( WaF - 12. Selalu Ditunggu Oleh Orang Banyak )

Akhir pekan selalu ditunggu oleh banyak orang. Pada saat itu, mereka dapat beristirahat, juga mengadakan acara kumpul keluarga. Akan tetapi, Rey tak mendambakannya sekarang. Biasanya ia akan senang karena punya banyak waktu tidur. Musababnya adalah batas waktu yang ditentukan Tami semakin sedikit.

Hasil makan siang kemarin benar-benar gagal total. Seva menolaknya mentah-mentah. Katanya, ia merasa dimanfaatkan walaupun Rey bilang, ini juga untuk kebaikkanya. Namun, gadis itu tetap tak yakin. Ia tak percaya pada Rey.

Rey jadi pusing sendiri. Ia akui dirinya egois, alasan utamanya memang agar terlepas dari Tami. Namun, sekarang sudah genting. Otaknya buntu dan ia hanya berharap pada Seva. Oleh karena itu, Rey sempat meminta Seva memikirkannya terlebih dahulu. Untunglah Seva ingin mempertimbangkan─kendati itu karena kata-kata manis.

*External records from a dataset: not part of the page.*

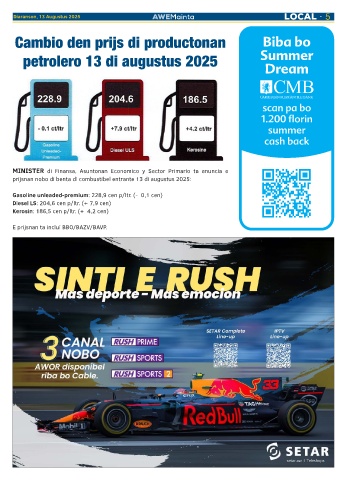 prijsnan nobo di benta di combustibel entrante 13 di augustus 2025: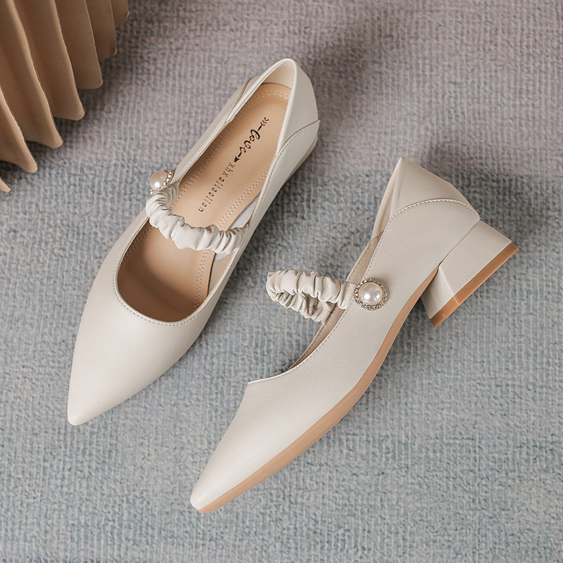 春夏新款豆豆鞋女尖头真皮粗跟单鞋女韩版时尚休闲女鞋仙女鞋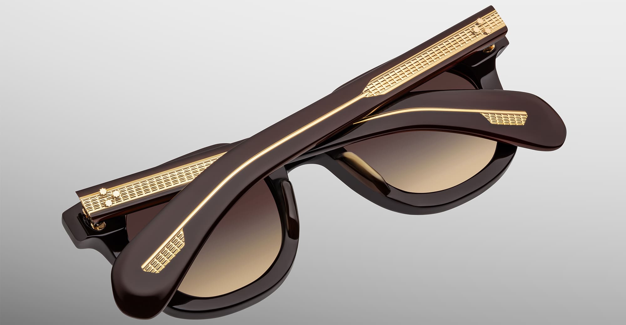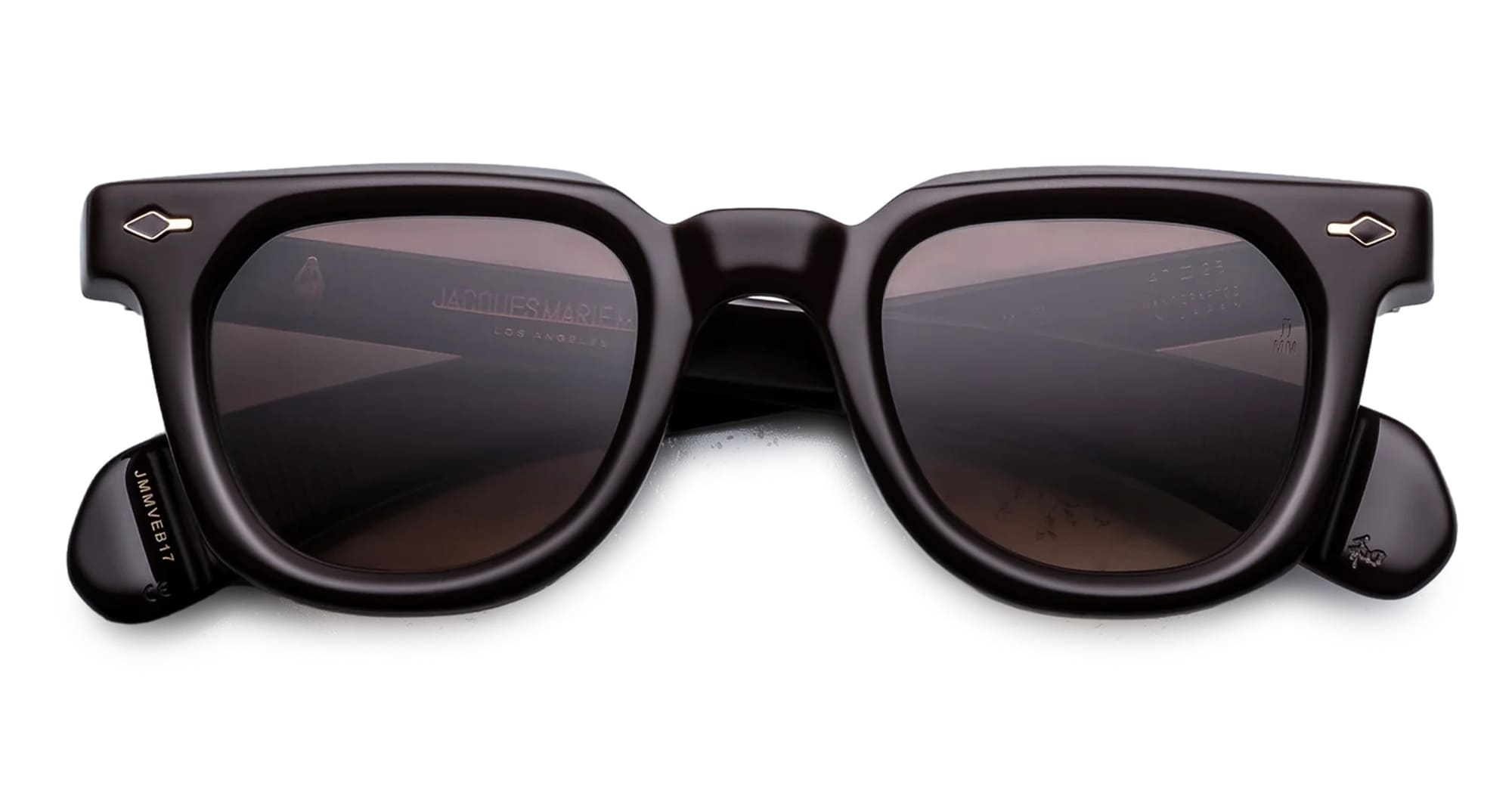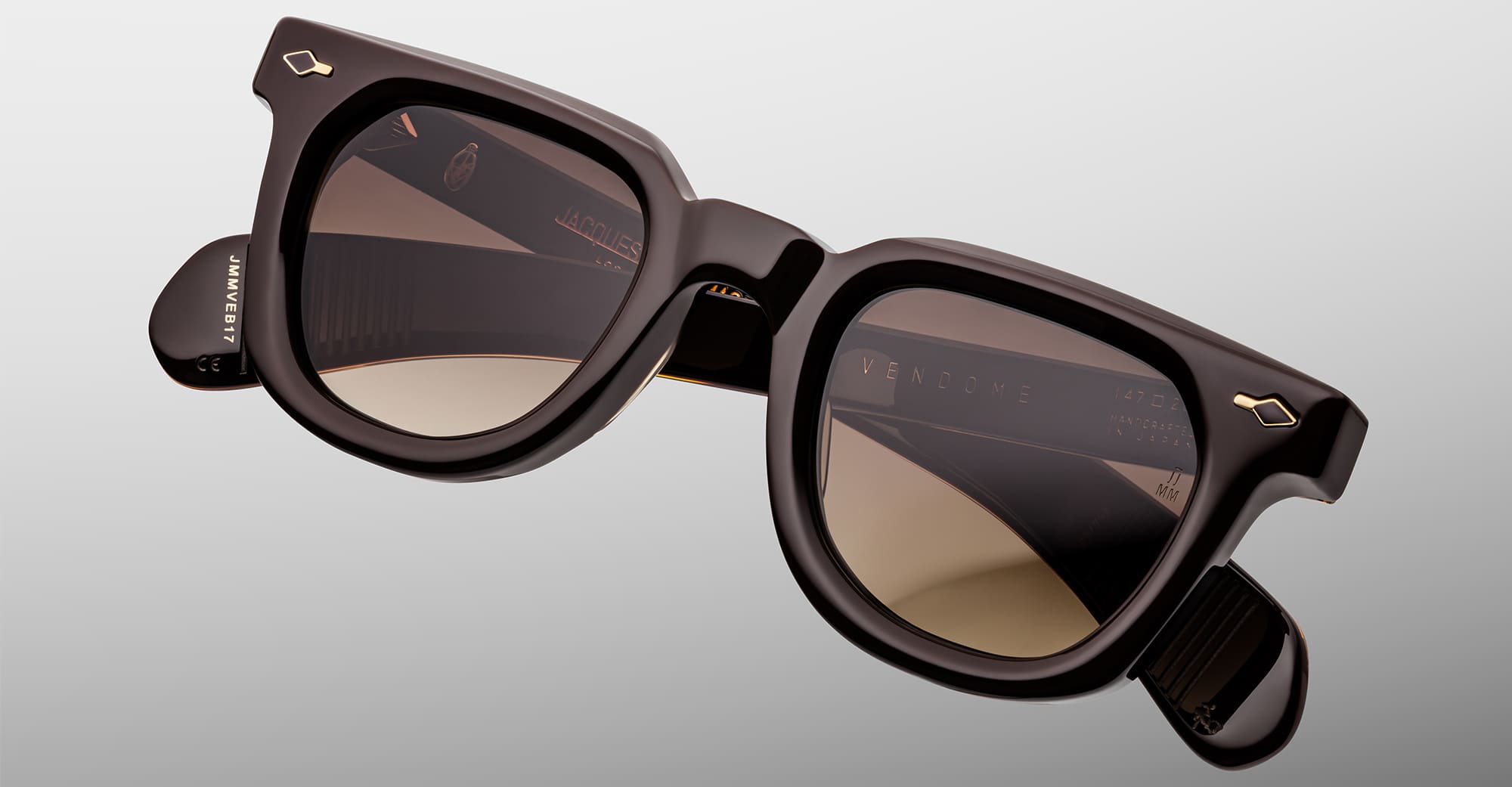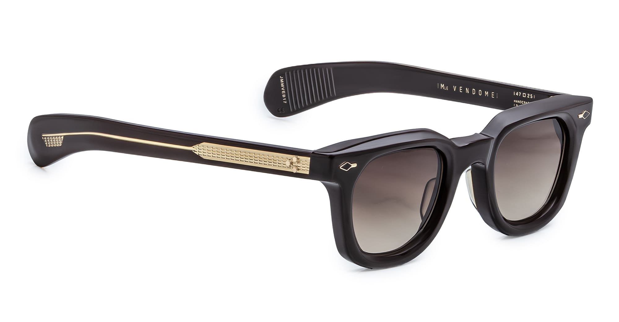 Jacques Marie Mage VENDOME EPOXY II - GANACHE (JMMVE-B17) are classic Wellington-shaped sunglasses with bevel cuts and paddle temples, inspired by the late French classicism of Place Vendôme. A reimagined version for the exclusive JMM Epoxy II Collection. They feature 10mm brown cured cellulose acetate frame, custom double laminated acetate temples, 18k gold-plated arrowhead front pins with dark brown epoxy inlay, exposed wirecore with 'baguette' pattern, tension-secured custom 7 barrel hinge, choco gradient gradient 2 base CR39 lens with backside anti-reflective treatment, and 100% UV protection.

"Gimana Rey?" tanya Tami yang entah datang dari mana. Ibunya itu langsung bergabung bersamanya di ruang keluarga. "Besok, hari terakhir, lho."

"Iya, aku tahu," jawab Rey.

"Mau nyerah, nggak? Supaya semuanya berjalan lebih mudah gitu."

Rey menggeleng.

"Mami udah lihatin kamu ke Siska kok. Dia kelihatannya tertarik."

"Tapi aku nggak."

Tami menampilkan senyum satire. "Emangnya udah ketemu perempuan yang narik perhatian kamu?"

Rey melirik Tami sebentar, lalu kembali menatap layar televisi. "Belum tapi aku lagi usaha."

"Usaha apa? Dari tadi cuma gonta-ganti siaran TV." Mulut Tami terdengar menahan tawa. "Atau jangan-jangan ... kamu nunggu bidadari jatuh dari langit? Kayak di iklan-iklan?"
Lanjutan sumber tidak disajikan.